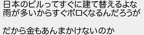 日本のビルってすぐに建て替えるよな 雨が多いからすぐボロくなるんだろうが だから金もあんまかけないのか
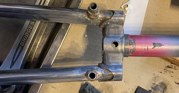 左画像が元の状態 こすりながら乗る前提のようで擦り傷がたくさんありますが、これだけ傷があるのにフォーク自体の大きな凹みはなかったのがさすがBMXのフォークだな、と思います。かなり分厚いパイプで、ずっしりと重いです。
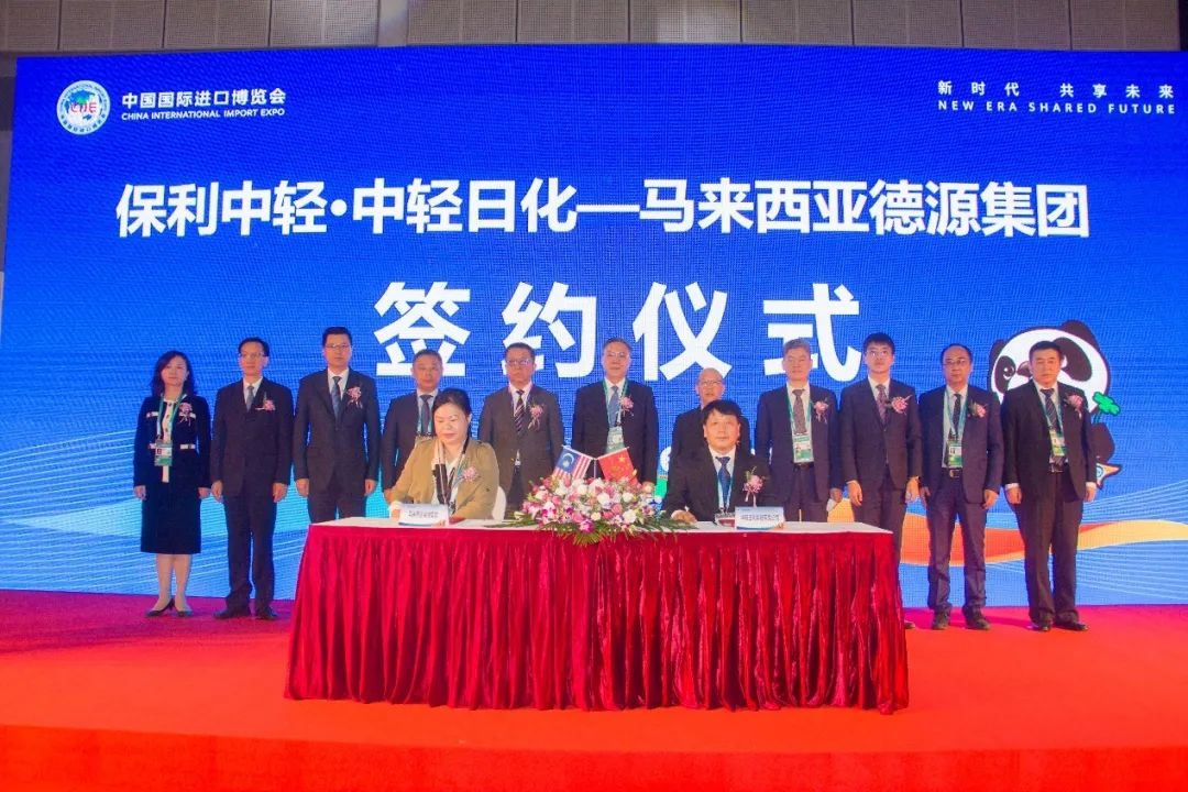 11月7日下午,在第四届中国国际进口博览会上,保利中轻所属中轻日化科技有限公司(以下简称中轻日化)与马来西亚德源集团(以下简称德源集团)签署采购协议。保利集团党委常委、副总经理张曦,保利中轻总经济师赵国昂,保利集团战投中心副主任杜鹏,中轻日化董事长耿涛、总经理封益民出席签约仪式。
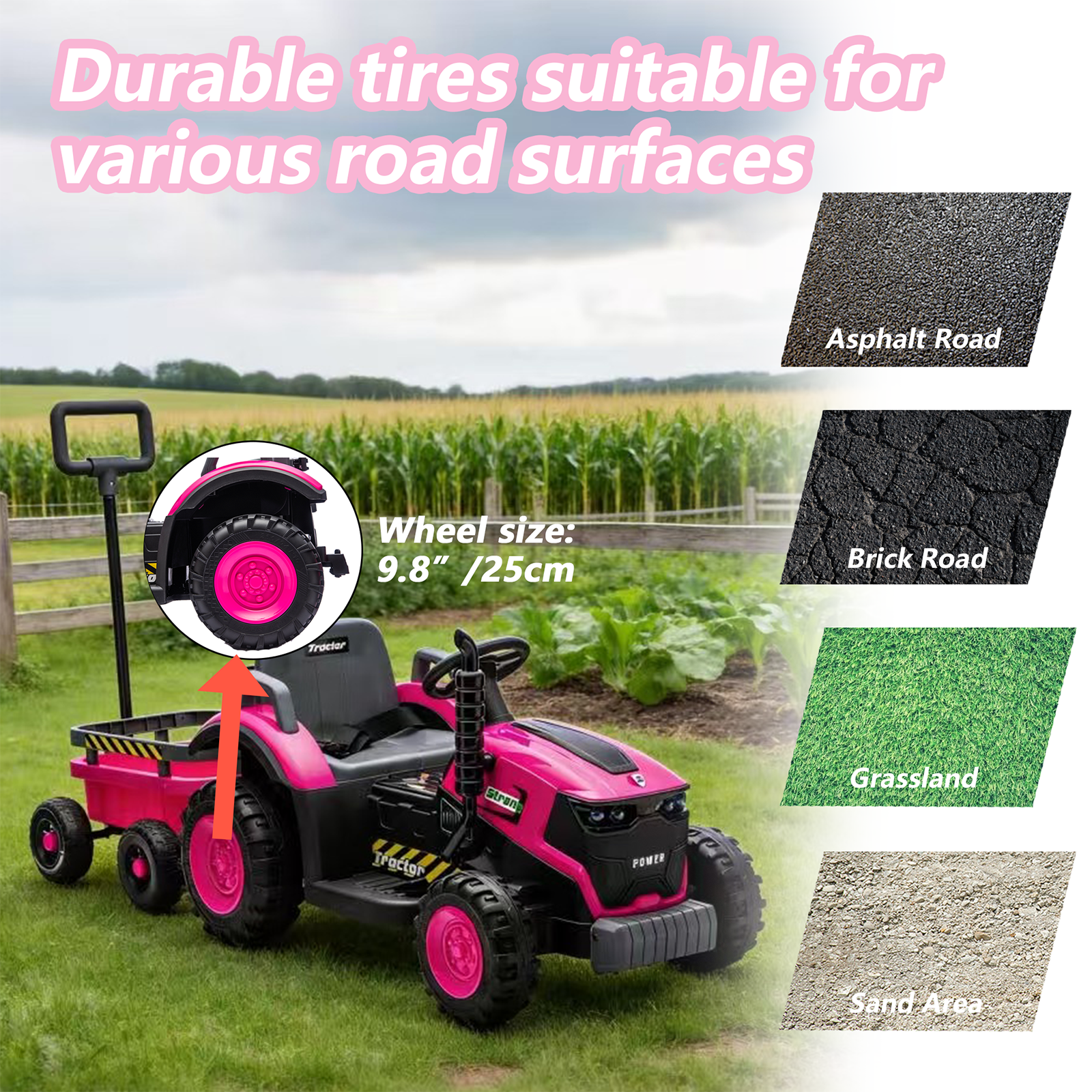 • [ASTM & CPSIA Certified] This kids' ride-on tractor is fully certified by both ASTM International and CPSIA (Consumer Product Safety Improvement Act), meeting the strictest safety standards for children’s toys. It undergoes rigorous testing for toxic substances, structural stability, and small parts (to prevent choking hazards), ensuring every detail—from the smooth PP material to the secure button design—is safe for kids.
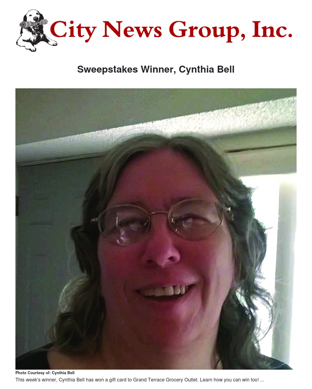 This week’s winner is Cynthia Bell, resident of Grand Terrace who loves to watch TV, play with her puppy, and play computer games.
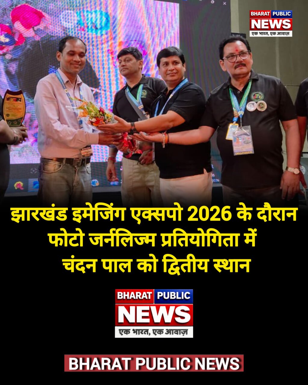 धनबाद : रांची में आयोजित झारखंड इमेजिंग एक्सपो 2026 के दौरान फोटो जर्नलिज्म प्रतियोगिता में चंदन पाल ने शानदार प्रदर्शन करते हुए द्वितीय स्थान प्राप्त किया। तीन दिवसीय इस भव्य आयोजन का समापन रांची के हरिवंश ताना भगत इंडोर स्टेडियम, खेलगांव में हुआ, जहां देश के विभिन्न राज्यों से आए प्रतिभागियों ने अपनी रचनात्मकता और कौशल का प्रदर्शन किया। फोटो जर्नलिज्म कैटेगरी में कोलकाता के शांतनु ने प्रथम स्थान , जबकि पाकुड़ के पीटरसन बास्की को तृतीय पुरस्कार मिला। चंदन पाल धनबाद स्थित “चंदन स्टूडियो” के संचालक हैं और पिछले कई वर्षों से फोटोग्राफी के क्षेत्र में सक्रिय हैं। वे खासकर फोटो जर्नलिज्म और इवेंट फोटोग्राफी के लिए जाने जाते हैं। सामाजिक, सांस्कृतिक और समाचार से जुड़े पलों को कैमरे में प्रभावशाली तरीके से कैद करना उनकी खासियत है। इससे पहले भी वे कई क्षेत्रीय और राज्य स्तरीय प्रतियोगिताओं में सम्मानित हो चुके हैं।इस प्रतियोगिता में उनकी प्रस्तुति ने जजों को काफी प्रभावित किया, जिसके परिणामस्वरूप उन्हें द्वितीय पुरस्कार से नवाजा गया। समापन समारोह के दौरान आयोजकों ने उन्हें मोमेंटो, प्रमाण पत्र और नगद राशि देकर सम्मानित किया।उनकी इस सफलता से धनबाद के स्थानीय फोटोग्राफर्स में उत्साह का माहौल है। चंदन पाल की यह उपलब्धि यह दर्शाती है कि छोटे शहरों के प्रतिभाशाली कलाकार भी राष्ट्रीय स्तर पर अपनी पहचान बना सकते हैं।
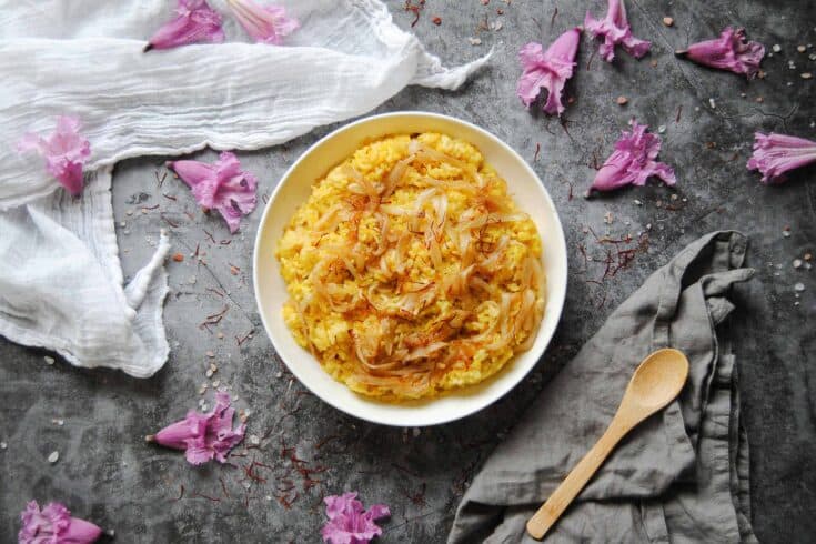 This Yellow Saffron Rice uses vegetable broth and onions to compliment the floral, aromatic saffron for a delicious and versatile side dish.

· · ·

**Work task:** Repeat only the lines from the beginning of the material through the line containing "11月7日下午,在第四届中国", both ends kept, leaving pictures out.

**Result of this task:**
 日本のビルってすぐに建て替えるよな 雨が多いからすぐボロくなるんだろうが だから金もあんまかけないのか
 左画像が元の状態 こすりながら乗る前提のようで擦り傷がたくさんありますが、これだけ傷があるのにフォーク自体の大きな凹みはなかったのがさすがBMXのフォークだな、と思います。かなり分厚いパイプで、ずっしりと重いです。
 11月7日下午,在第四届中国国际进口博览会上,保利中轻所属中轻日化科技有限公司(以下简称中轻日化)与马来西亚德源集团(以下简称德源集团)签署采购协议。保利集团党委常委、副总经理张曦,保利中轻总经济师赵国昂,保利集团战投中心副主任杜鹏,中轻日化董事长耿涛、总经理封益民出席签约仪式。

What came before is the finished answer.